▶ **EXERCISE DATA**:

+===+

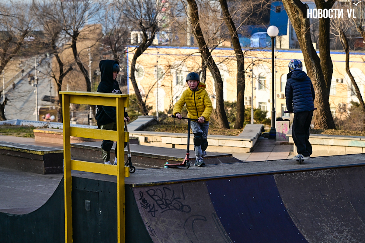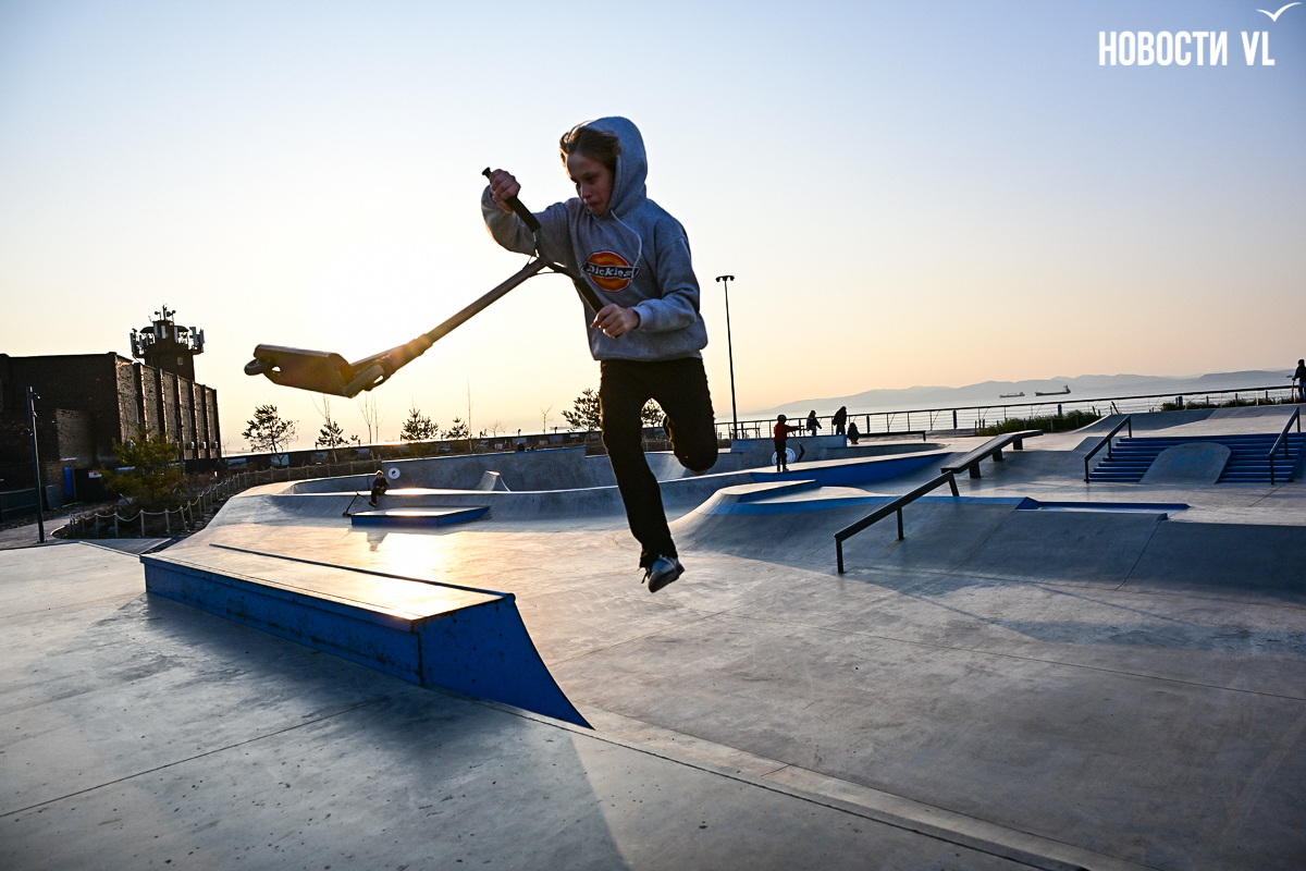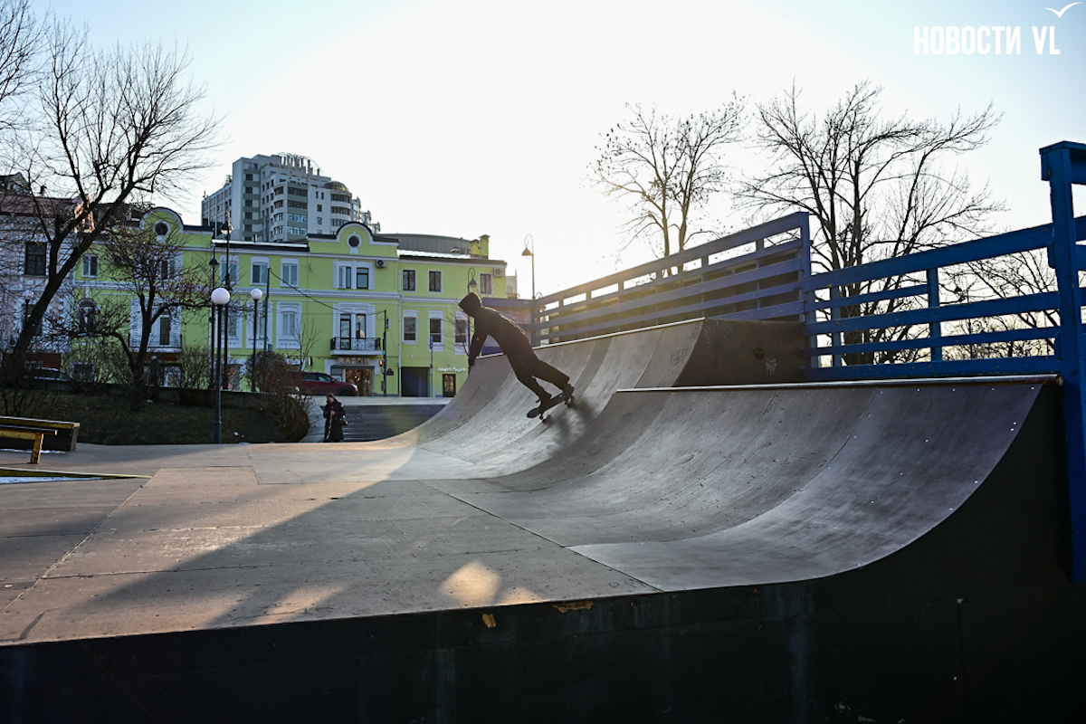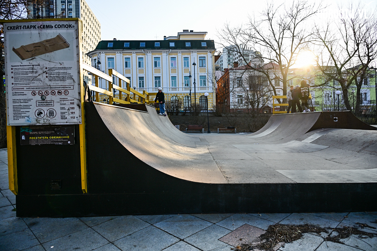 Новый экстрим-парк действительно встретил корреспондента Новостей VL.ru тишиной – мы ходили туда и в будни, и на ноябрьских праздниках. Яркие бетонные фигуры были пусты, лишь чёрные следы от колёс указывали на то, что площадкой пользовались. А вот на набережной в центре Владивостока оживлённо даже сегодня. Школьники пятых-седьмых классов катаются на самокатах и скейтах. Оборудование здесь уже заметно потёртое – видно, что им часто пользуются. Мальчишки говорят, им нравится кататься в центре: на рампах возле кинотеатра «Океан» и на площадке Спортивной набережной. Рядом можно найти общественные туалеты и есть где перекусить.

+===+

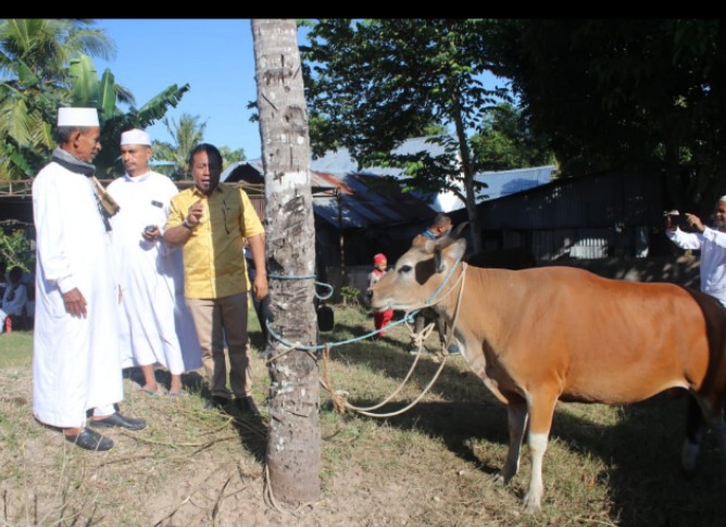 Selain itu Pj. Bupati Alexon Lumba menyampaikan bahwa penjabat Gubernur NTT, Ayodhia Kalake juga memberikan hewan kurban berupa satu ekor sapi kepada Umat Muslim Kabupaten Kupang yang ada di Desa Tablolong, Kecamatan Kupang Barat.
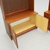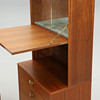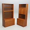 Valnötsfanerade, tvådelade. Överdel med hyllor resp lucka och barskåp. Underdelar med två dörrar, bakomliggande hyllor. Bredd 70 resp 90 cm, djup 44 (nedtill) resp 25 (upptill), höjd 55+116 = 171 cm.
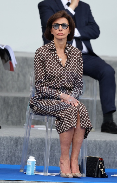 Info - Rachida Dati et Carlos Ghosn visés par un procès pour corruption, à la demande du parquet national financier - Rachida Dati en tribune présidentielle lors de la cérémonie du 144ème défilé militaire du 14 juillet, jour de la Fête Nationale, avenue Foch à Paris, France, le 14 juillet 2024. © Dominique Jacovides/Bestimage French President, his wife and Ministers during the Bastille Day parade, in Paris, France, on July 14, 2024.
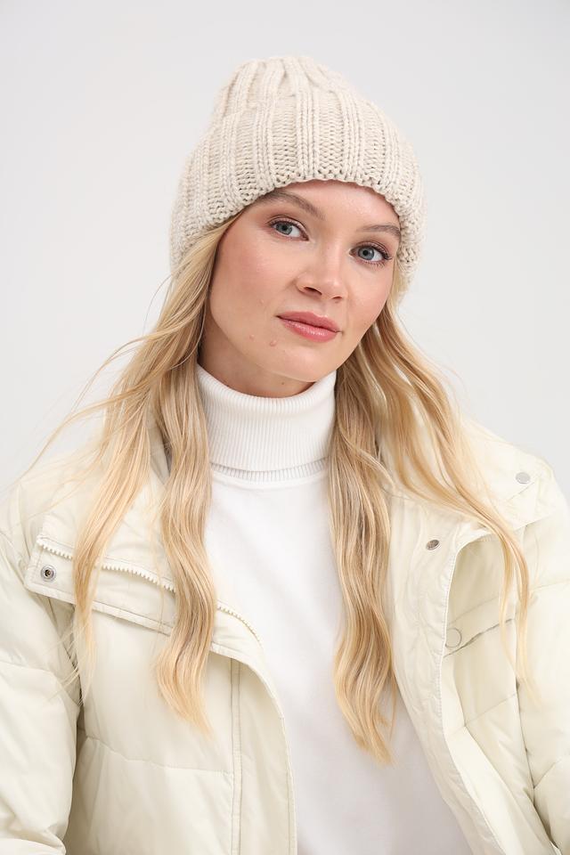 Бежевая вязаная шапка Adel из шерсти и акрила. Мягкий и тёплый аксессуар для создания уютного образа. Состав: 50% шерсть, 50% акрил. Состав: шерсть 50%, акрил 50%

+===+

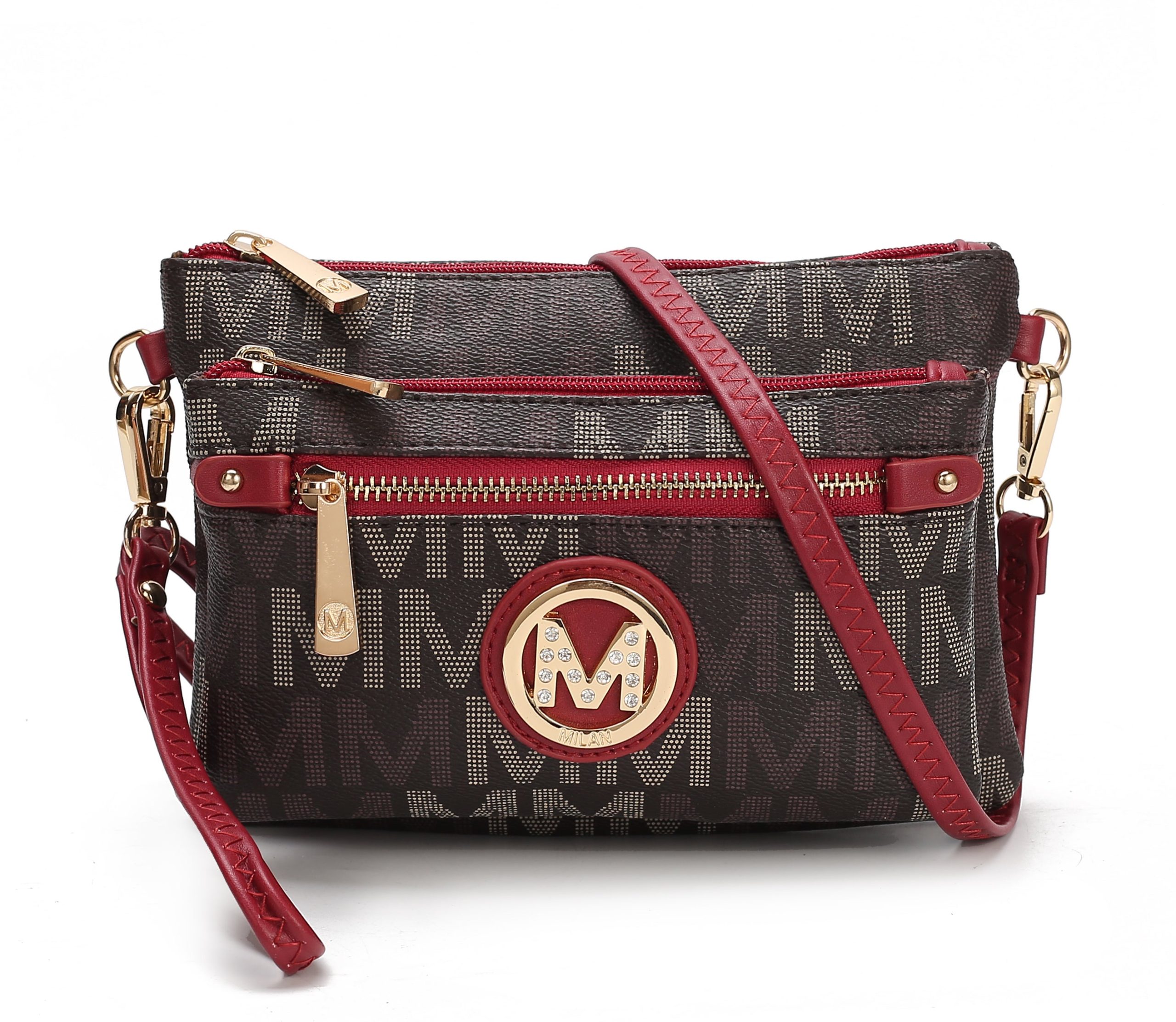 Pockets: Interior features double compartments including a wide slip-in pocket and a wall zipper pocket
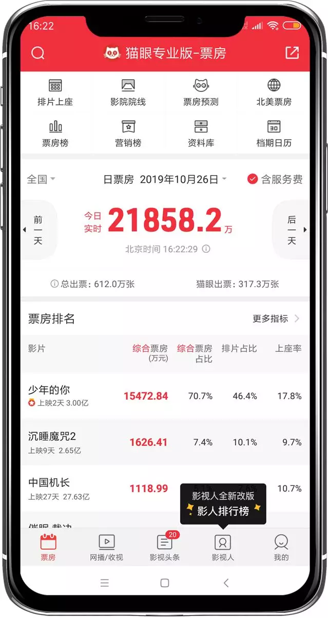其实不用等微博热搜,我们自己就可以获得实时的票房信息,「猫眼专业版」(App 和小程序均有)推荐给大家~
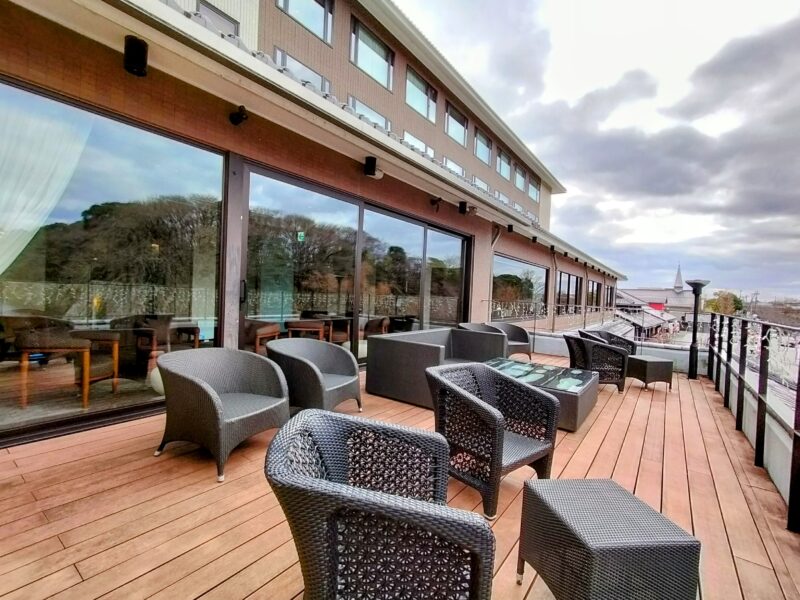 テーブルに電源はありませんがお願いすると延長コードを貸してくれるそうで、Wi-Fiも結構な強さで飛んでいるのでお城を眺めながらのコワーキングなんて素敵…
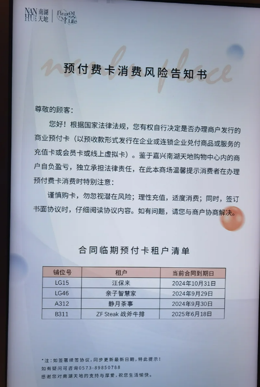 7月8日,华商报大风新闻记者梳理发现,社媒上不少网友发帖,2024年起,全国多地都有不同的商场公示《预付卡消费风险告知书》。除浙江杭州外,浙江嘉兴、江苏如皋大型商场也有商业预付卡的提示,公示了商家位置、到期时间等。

+===+

▶ **WORK REQUEST**: What you return must match the lines above from the one with "テーブルに電源はありませんが" through the one with "7月8日,华商报大风新闻记者" exactly, with both ends included and the pictures excluded.

▶ **THE COMPLETED TASK**:
 テーブルに電源はありませんがお願いすると延長コードを貸してくれるそうで、Wi-Fiも結構な強さで飛んでいるのでお城を眺めながらのコワーキングなんて素敵…
 7月8日,华商报大风新闻记者梳理发现,社媒上不少网友发帖,2024年起,全国多地都有不同的商场公示《预付卡消费风险告知书》。除浙江杭州外,浙江嘉兴、江苏如皋大型商场也有商业预付卡的提示,公示了商家位置、到期时间等。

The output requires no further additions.